Le luci erano abbassate e, ancora una volta, mi trovai di fronte a una porta chiusa: quella dell’ufficio di Cynthia. Ma niente avrebbe potuto fermarmi a quel punto: né una porta e men che meno i miei principi morali. Corsi nel mio ufficio quasi con uno sprint e iniziai a frugare nella mia scrivania, aprendo di scatto i cassetti uno per uno alla ricerca del mio passe-partout, che apriva tutte le porte degli uffici individuali. Non lo usavo da anni, per cui dovetti rovistare a lungo tra mucchi di cose inutili prima di trovarlo.

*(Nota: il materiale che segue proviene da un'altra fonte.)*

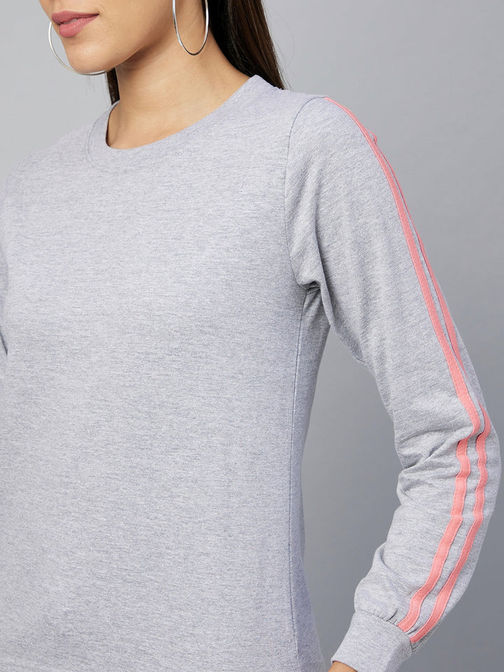 A Light Grey Tracksuit Set With Pink Stripe Accents, Blending Casual Comfort With Sporty Elegance.
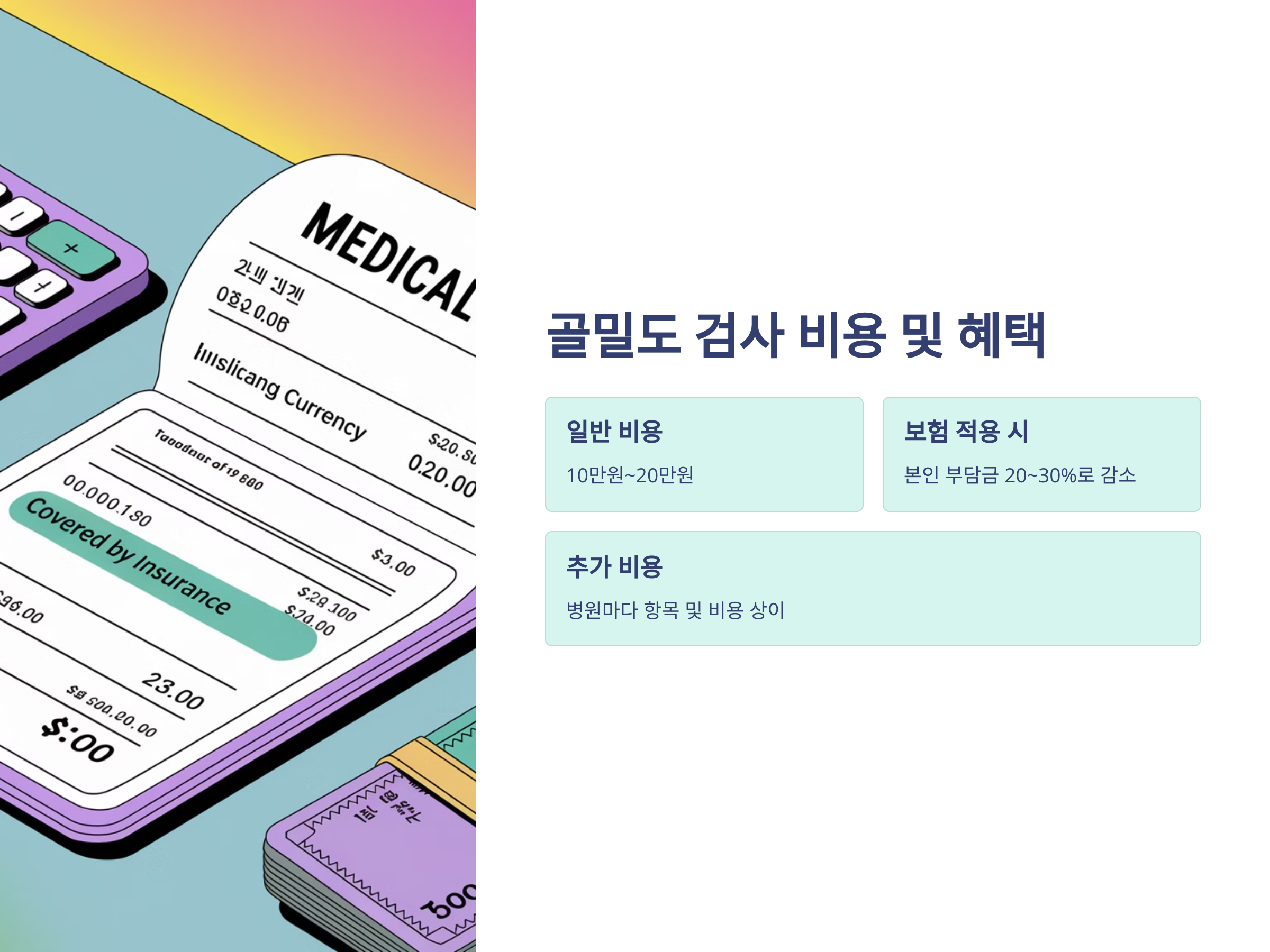 골밀도 검사의 비용은 병원에 따라 다르지만, 대체로 10만 원에서 20만 원 사이입니다. 하지만 건강보험이 적용되면 일부 비용을 지원받을 수 있어 본인 부담금이 줄어듭니다. 예를 들어, 고위험군에 해당하는 경우, 건강보험이 적용되어 검사를 받는다면, 본인 부담금은 약 20~30% 정도로 줄어들게 됩니다.
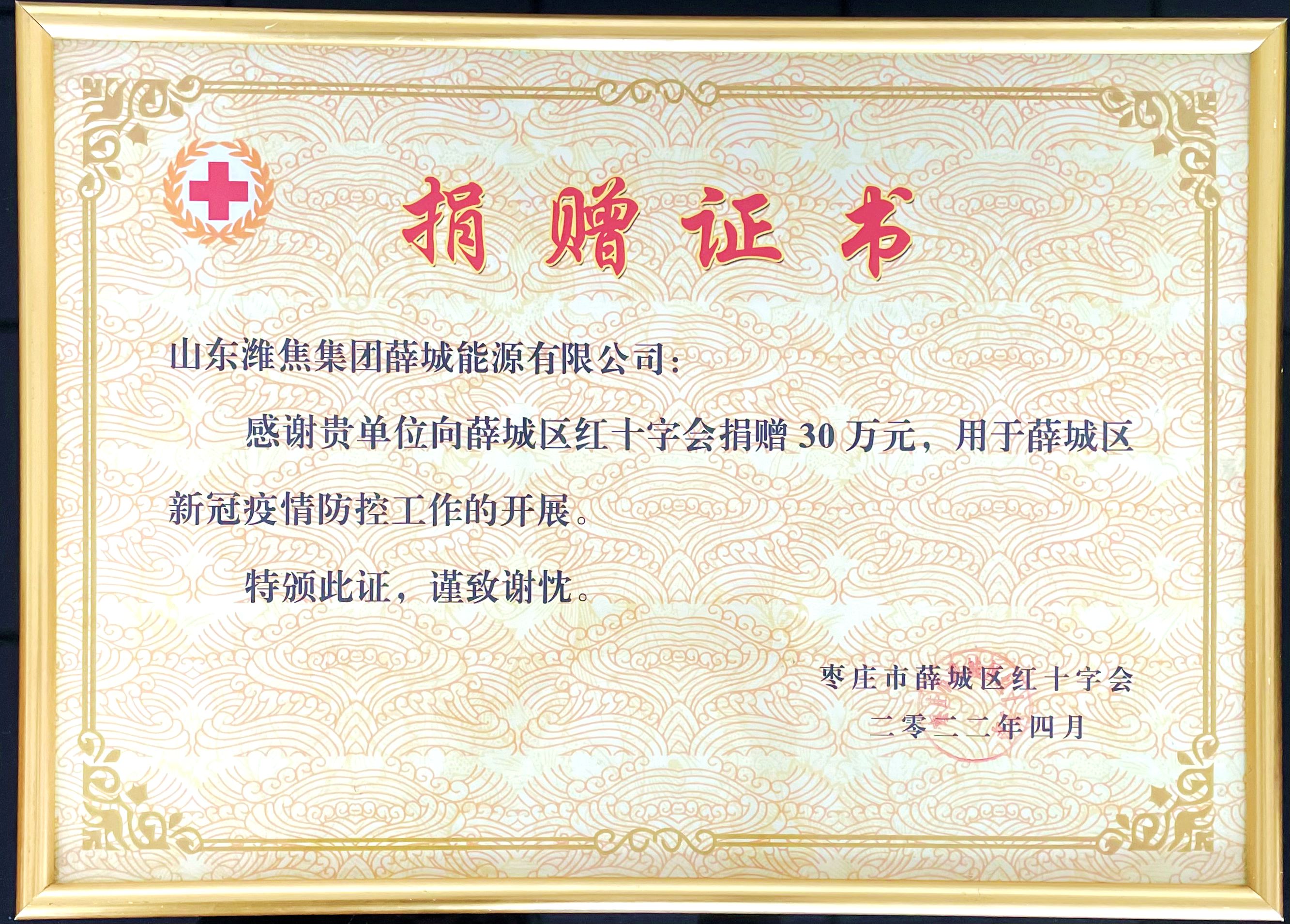 4月11日,薛城能源公司收到棗莊市薛城區(qū)紅十字會(huì)頒發(fā)的捐贈(zèng)證書及區(qū)委統(tǒng)籌疫情防控和經(jīng)濟(jì)運(yùn)行工作領(lǐng)導(dǎo)小組發(fā)來(lái)的感謝信,感謝企業(yè)為地區(qū)疫情防控慷慨捐贈(zèng)30萬(wàn)元!
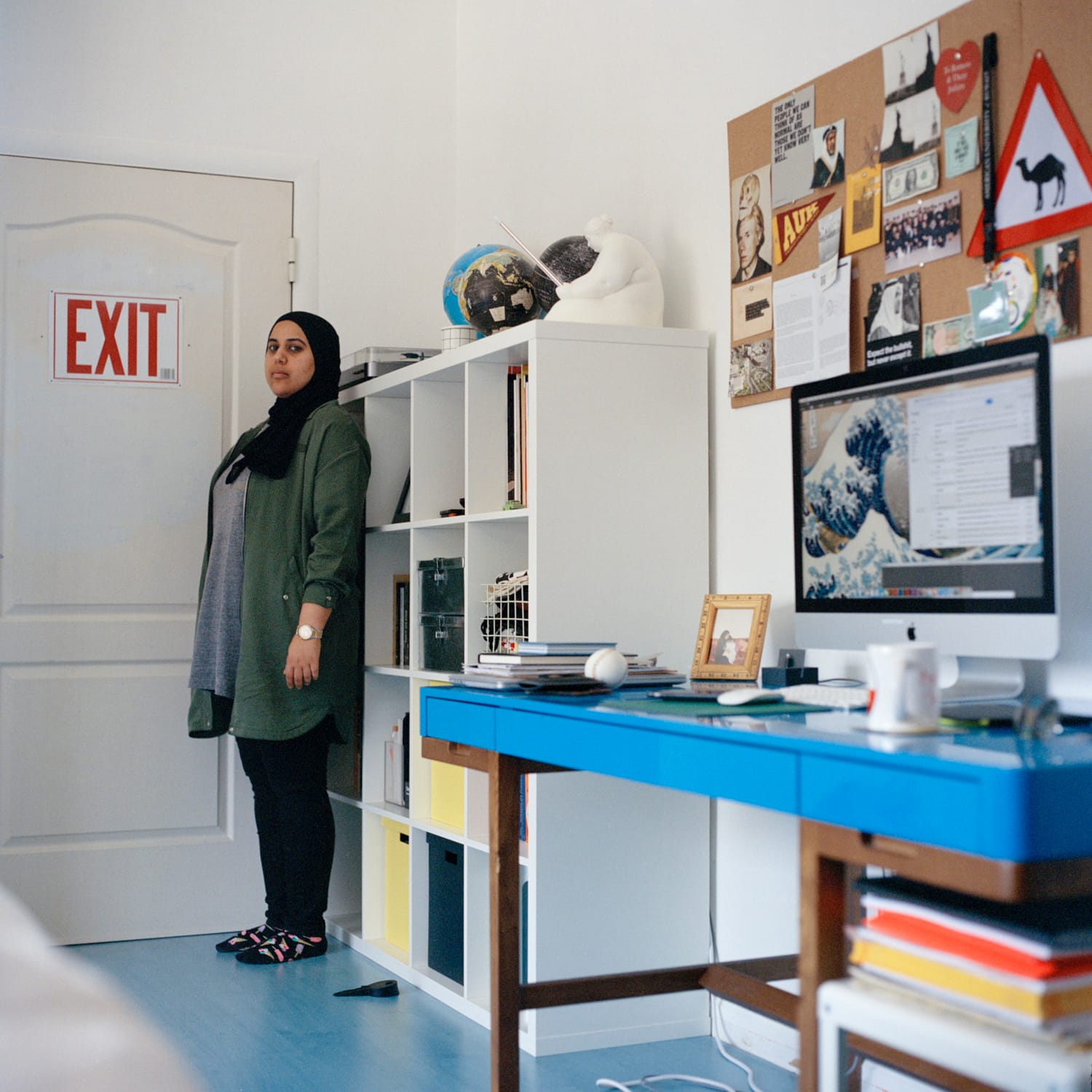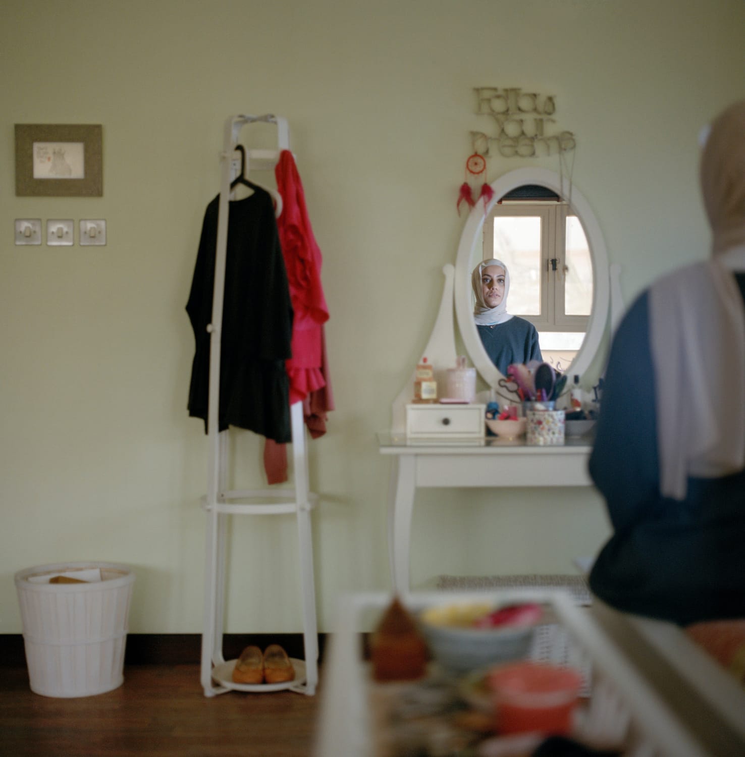 “Our constitution gives a certain amount of rights to each citizen and we as women are not given all these rights, only some of them,” says Mariam Mandani, a 25-year-old freelance designer who’s captured half-eying the camera next to her bedroom door. “It’s as if we are less of citizens than men,” she continues. At the top right corner of the photo, above her desk, you can see a tongue-in-cheek traffic sign warning of camels crossing the road. A large emergency “EXIT” sign posted on the door subtly suggests a desire to escape or break free.
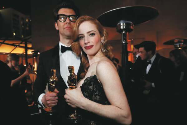 חבורה של גברים לבנים קיבלה אוסקר על סרט העוסק באפליית שחורים. צוות "הספר הירוק" בטקס // צילום: AFP
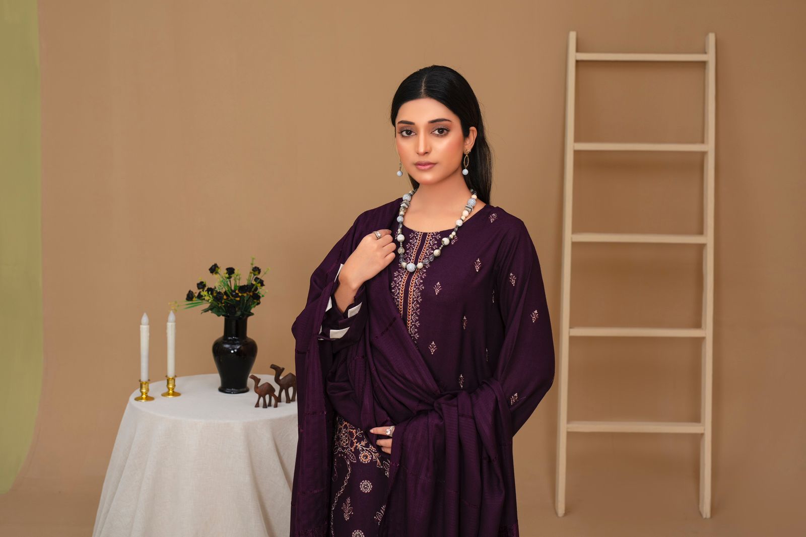 Brands inn-3PC Dhanak Embroidered Shirt with Velvet Dhanak Shawl and Trouser-BIC-PLUM
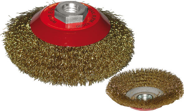 Tipo a disco conico con fili d’acciaio ottonato (solo Ø mm 150 in acciaio fosfatato), ondulati, Ø fili mm 0,30. Con foro filettato M14.
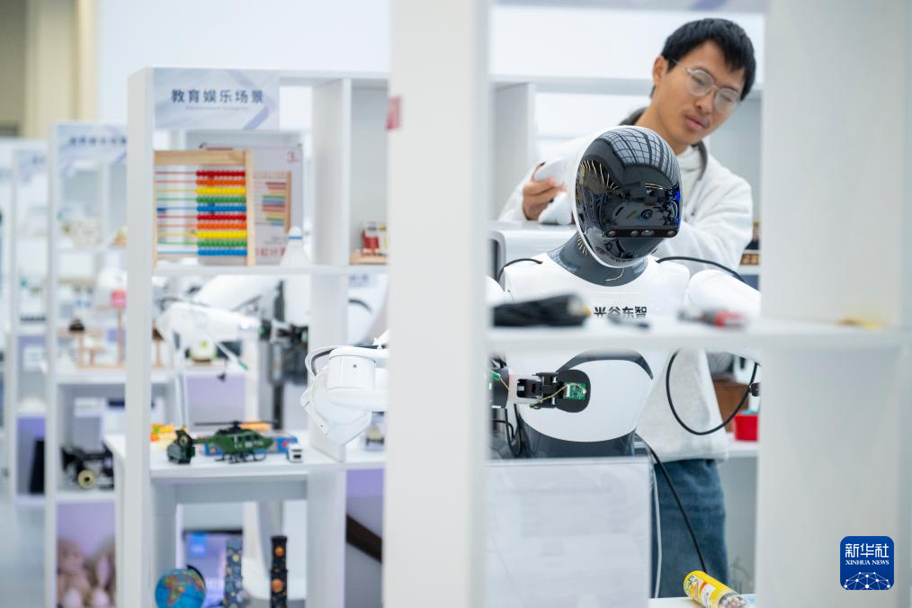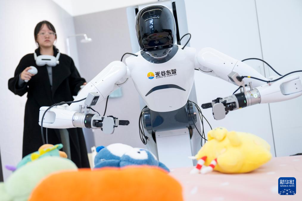 11月6日,在湖北人形机器人创新中心,人形机器人数据采集员在进行数据采集工作。新华社记者 伍志尊 摄
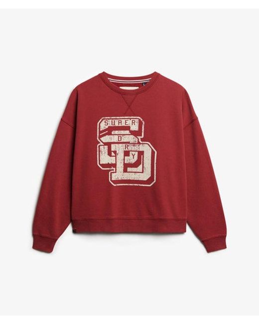 Women's Red Athletic Essentials Relaxed Flock Crew Sweatshirt
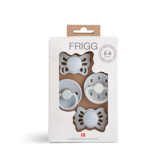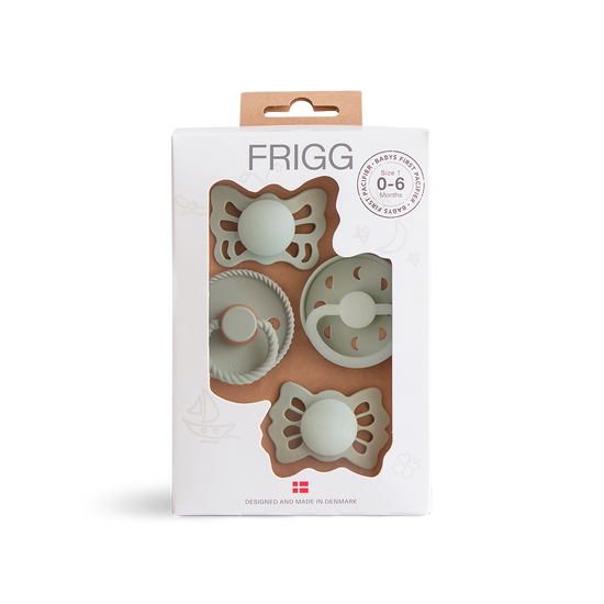 FRIGG’s ‘Baby’s first pacifier’ set consisting of 4 different FRIGG pacifiers with different nipple materials and nipple shapes gives parents the opportunity to try out various pacifiers to find out which one their baby likes the most.
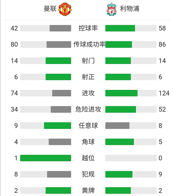 第26分钟,拉什福德中圈附近一脚斜长传,米尔纳中路冒顶,格林伍德插上一脚低射将球打进,曼联1-1利物浦。
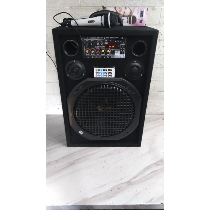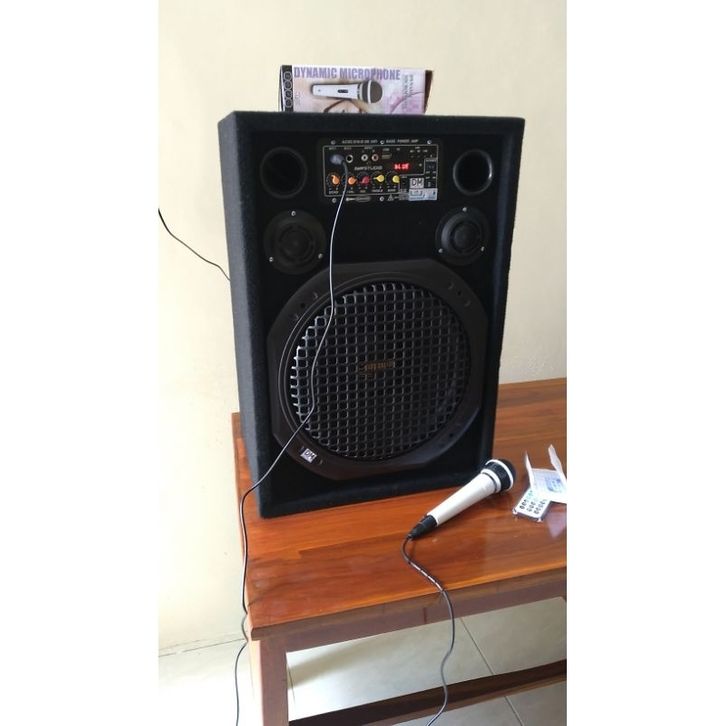 SPEAKER SINGLE AKTIF 12INCH SEMI PORTABLE BISA UNTUK AKI/BATRE 12-24VOLT, BLUETOOTH PLUS MIC KABEL.
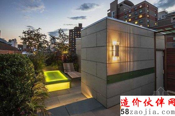EvanLaiLandscapeDesign事务所被邀请为纽约市一个多沙的东村市镇房屋上建造一个屋顶花园。客户是斯堪的纳维亚人的后裔,正在寻找不会损害功能性的精致花园。这个花园利用石头框出边界,表面抹上水泥,但绿色的树脂板将其带入生活中。
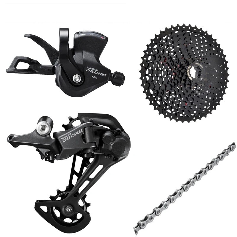 Complete fietsset met 11 versnellingen, 11–46T cassette, derailleur en ketting geschikt voor mountainbikes en rijden in terrein. Volledige beschrijving
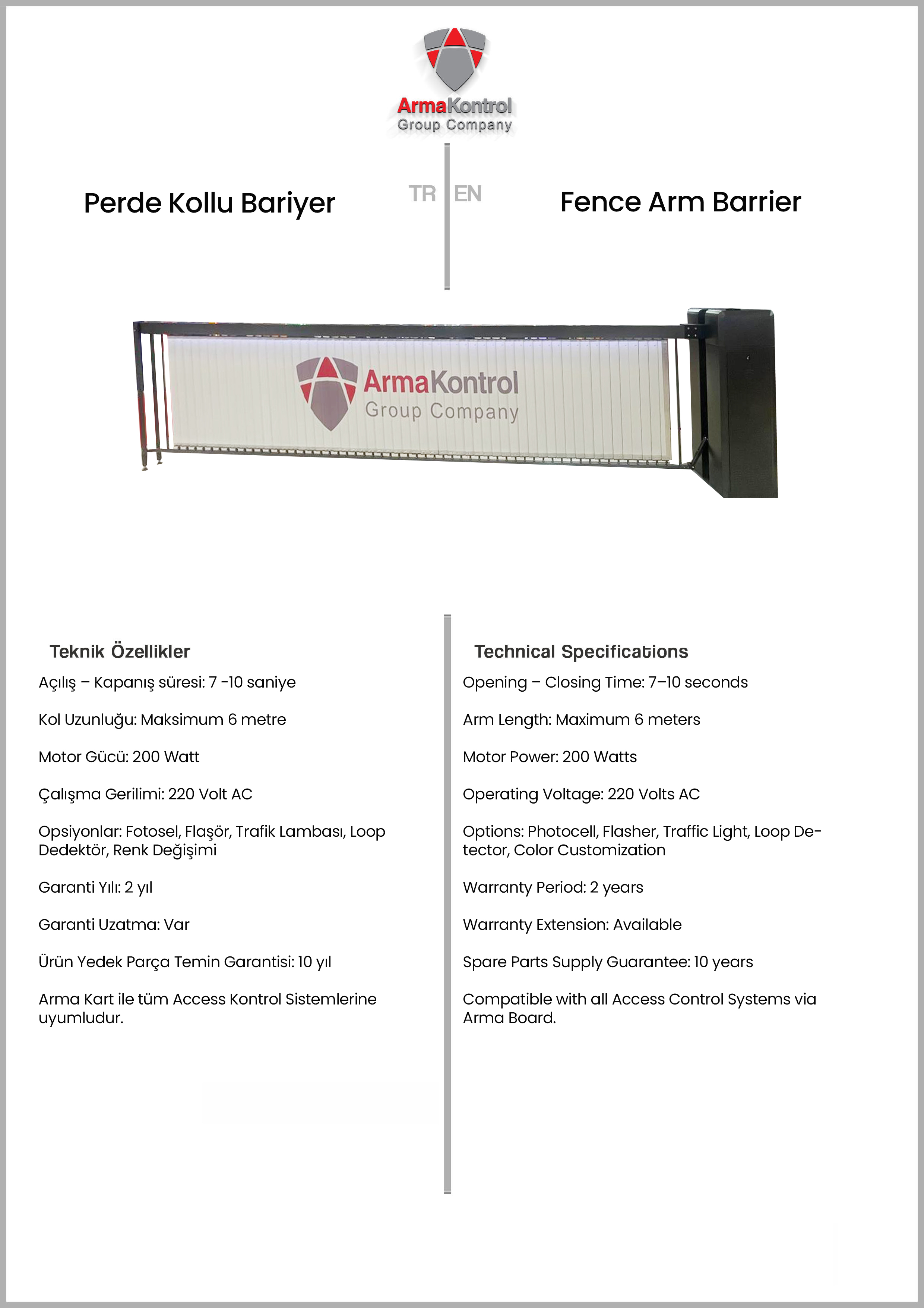 Fence Arm Barriers feature an aesthetic design, a weather-resistant outer cabinet, and a powerful motor, ensuring international standards and quality. Thanks to the photocells on the barrier, vehicle passage is detected, and the barrier arm remains open until the vehicle fully passes, preventing possible accidents. The barrier can be controlled via optional accessories such as remote control, manual button, card reader, license plate recognition, HGS-OGS, mobile control, or GSM. Depending on the entrance width, different arm lengths can be used, with a maximum length of up to 6 meters.

Priorità di domani: riordinare la mia scrivania. Urgentemente.
Tra le dita, ancora sporche di residui di fango del campo sotto le unghie, stringevo forte il passe-partout e corsi di nuovo lungo il corridoio.
Un giro, un clic , ed entrai, per trovarmi ufficialmente a un passo dal violare una mezza dozzina di leggi sulla privacy.
Tirai un sospiro di sollievo quando il cassetto dello schedario si aprì senza problemi, al che scoppiai a ridere come uno squilibrato, prima di iniziare a biascicare tra me e me: «Cazzo, naturalmente non è chiuso a chiave. Non è che Cynthia si aspettasse che un cazzo di psicopatico le entrasse di nascosto nell’ufficio e iniziasse a frugare ovunque».
Come ali svolazzanti, le mie dita volarono a sfogliare le varie etichette, consapevole che Cynthia seguiva un rigido sistema di archiviazione. Non c’era mai niente fuori posto o in disordine e trovarlo sarebbe stato abbastanza facile.
La sfida consisteva nell’individuare le parole esatte con cui era stato etichettato, ma meno di cinque minuti stavo estraendo l’oggetto della mia ricerca dal suo posto e lo stavo spalancando.
Seguendo con il dito le file di nomi di impiegati, iniziai a scorrere lungo la pagina, mormorando i vari cognomi finché quello che cercavo non spiccò distintamente ai miei occhi.
«Cummings, Georgia». Iniziai a far scivolare il dito di lato, come in un sogno al rallentatore, fino a che le parole nella colonna accanto non decretarono il mio destino in un inequivocabile grassetto.
BottaDiRose.
Come recitava la canzone, Un qualcosa di meraviglioso, cazzo.